Transcribe the data that follows without changing a word, and omit the pictures.

#### Dataset extract:
◇ ◇ ◇
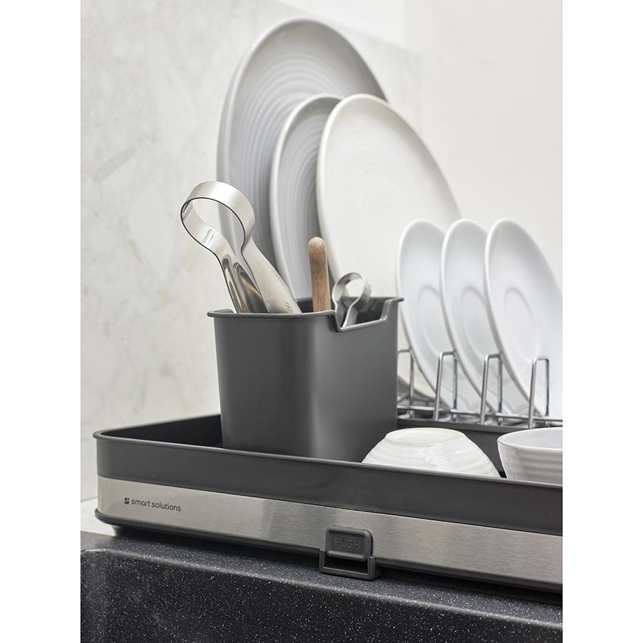 Сушилка Atle – компактная, но в то же время вместительная модель с раздвижной конструкцией, в которой предусмотрены отделения для посуды и кухонных принадлежностей. Удобное размещение и надежную фиксацию тарелок и других емкостей обеспечивают железные разделители. Поддон выполнен из практичного полипропилена, который легко моется. Стальные элементы на корпусе имеют специальное покрытие против отпечатков пальцев. Настольную сушилку можно размещать в любом месте и для ее установки не требуется делать отверстия в стене. Для хорошей устойчивости в раздвижном состоянии предусмотрены специальные ножки, расположенные в нижней части сушилки, которые выдвигаются одним движением руки. Материалы: полипропилен, сталь, железо. Размеры в сложенном виде: 36,3х30,2х16,8 см. Размеры в разложенном виде: 36,3х52х16,8 см. Цвет: черный. Сушилку можно очищать от загрязнений в теплой мыльной воде с помощью мягкой губки. Запрещается использование агрессивной бытовой химии и абразивных материалов.
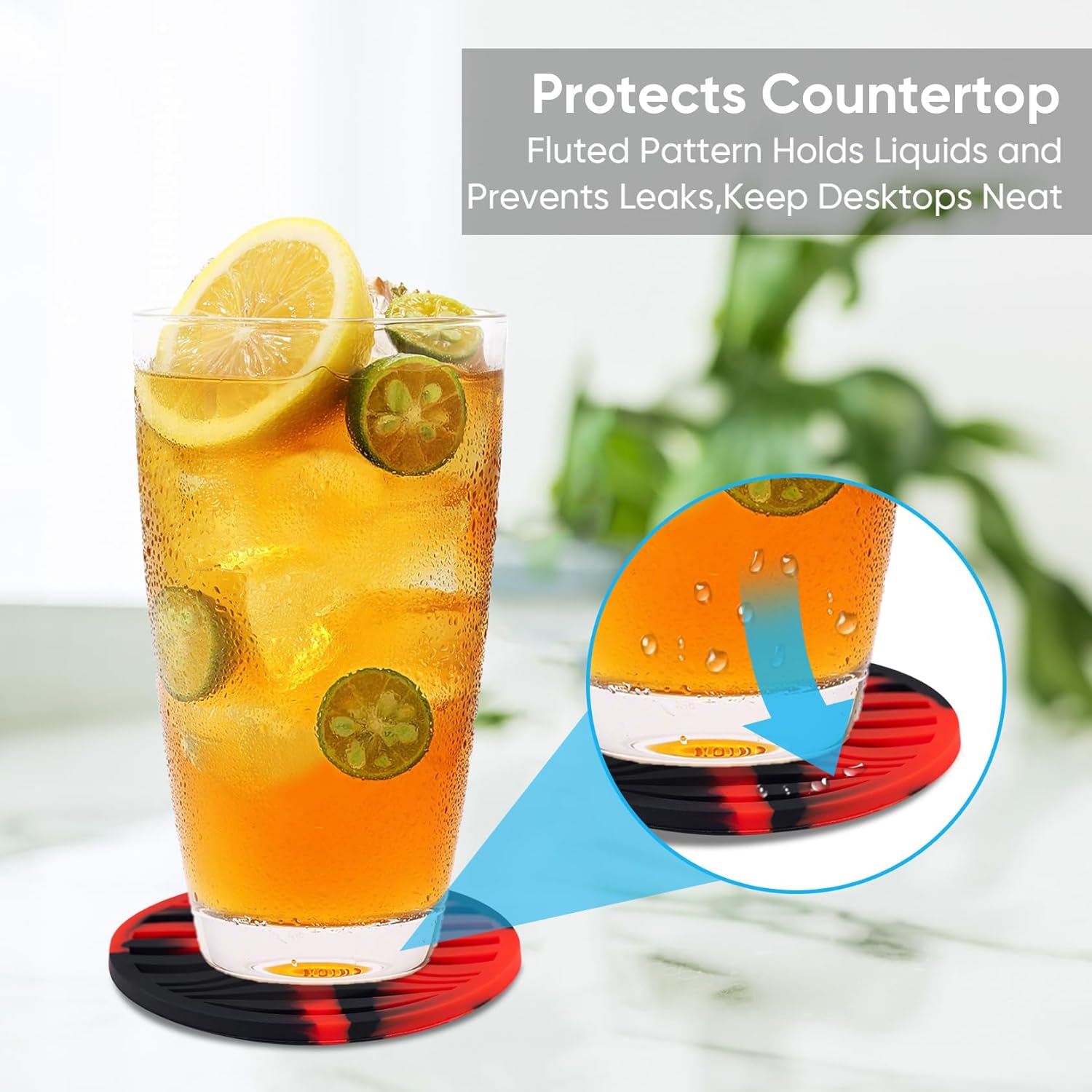 6 Pack Drink Coasters,Coasters for Drink with Holder,Non-Slip Silicone Cup Mat,Rubber Coaster Live for Hot or Cold Drink,Fits Any Size of Cups(Black Red)
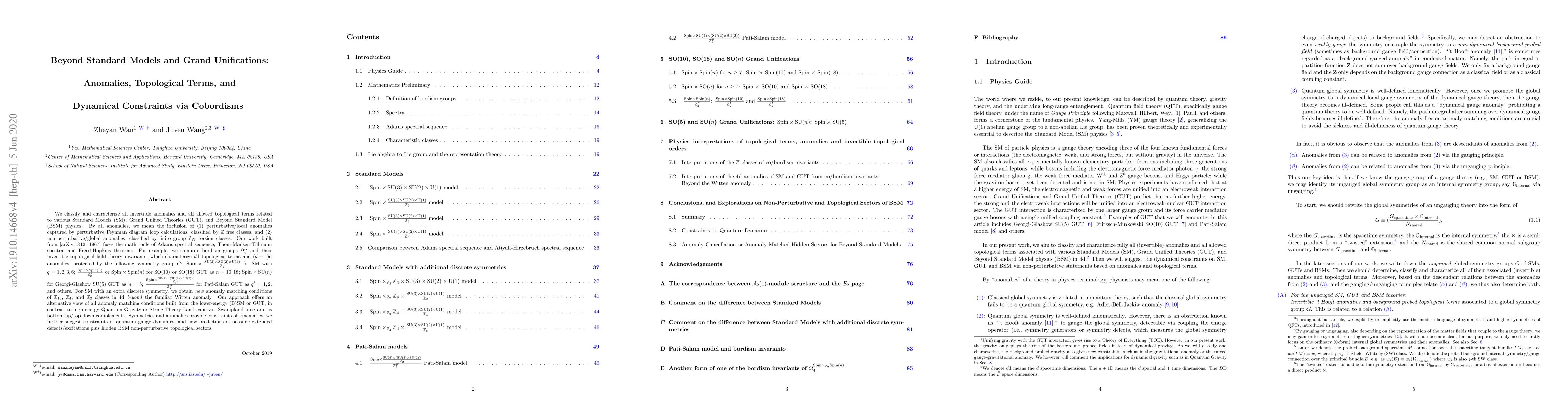 This paper classifies and characterizes all invertible anomalies and topological terms in Standard Models, Grand Unified Theories, and Beyond Standard Model physics, employing advanced mathematical tools and cobordism theory. It identifies new anomaly matching conditions and predicts extended defects/excitations, offering a bottom-up perspective on constraints and dynamics in particle physics.
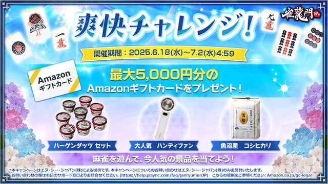 エヌ・シー・ジャパン株式会社(本社:東京都港区、代表取締役:林 元基(イム ウォンキ)、以下エヌシージャパン)は、PCとスマートフォン向け超美麗本格3D麻雀ゲーム『雀龍門M』にて、2025年6月18日(水)より「爽快チャレンジ」キャンペーンおよび、SNSキャンペーンの開催をお知らせします。
◇ ◇ ◇
#### Result for this task:
 Сушилка Atle – компактная, но в то же время вместительная модель с раздвижной конструкцией, в которой предусмотрены отделения для посуды и кухонных принадлежностей. Удобное размещение и надежную фиксацию тарелок и других емкостей обеспечивают железные разделители. Поддон выполнен из практичного полипропилена, который легко моется. Стальные элементы на корпусе имеют специальное покрытие против отпечатков пальцев. Настольную сушилку можно размещать в любом месте и для ее установки не требуется делать отверстия в стене. Для хорошей устойчивости в раздвижном состоянии предусмотрены специальные ножки, расположенные в нижней части сушилки, которые выдвигаются одним движением руки. Материалы: полипропилен, сталь, железо. Размеры в сложенном виде: 36,3х30,2х16,8 см. Размеры в разложенном виде: 36,3х52х16,8 см. Цвет: черный. Сушилку можно очищать от загрязнений в теплой мыльной воде с помощью мягкой губки. Запрещается использование агрессивной бытовой химии и абразивных материалов.
 6 Pack Drink Coasters,Coasters for Drink with Holder,Non-Slip Silicone Cup Mat,Rubber Coaster Live for Hot or Cold Drink,Fits Any Size of Cups(Black Red)
 This paper classifies and characterizes all invertible anomalies and topological terms in Standard Models, Grand Unified Theories, and Beyond Standard Model physics, employing advanced mathematical tools and cobordism theory. It identifies new anomaly matching conditions and predicts extended defects/excitations, offering a bottom-up perspective on constraints and dynamics in particle physics.
 エヌ・シー・ジャパン株式会社(本社:東京都港区、代表取締役:林 元基(イム ウォンキ)、以下エヌシージャパン)は、PCとスマートフォン向け超美麗本格3D麻雀ゲーム『雀龍門M』にて、2025年6月18日(水)より「爽快チャレンジ」キャンペーンおよび、SNSキャンペーンの開催をお知らせします。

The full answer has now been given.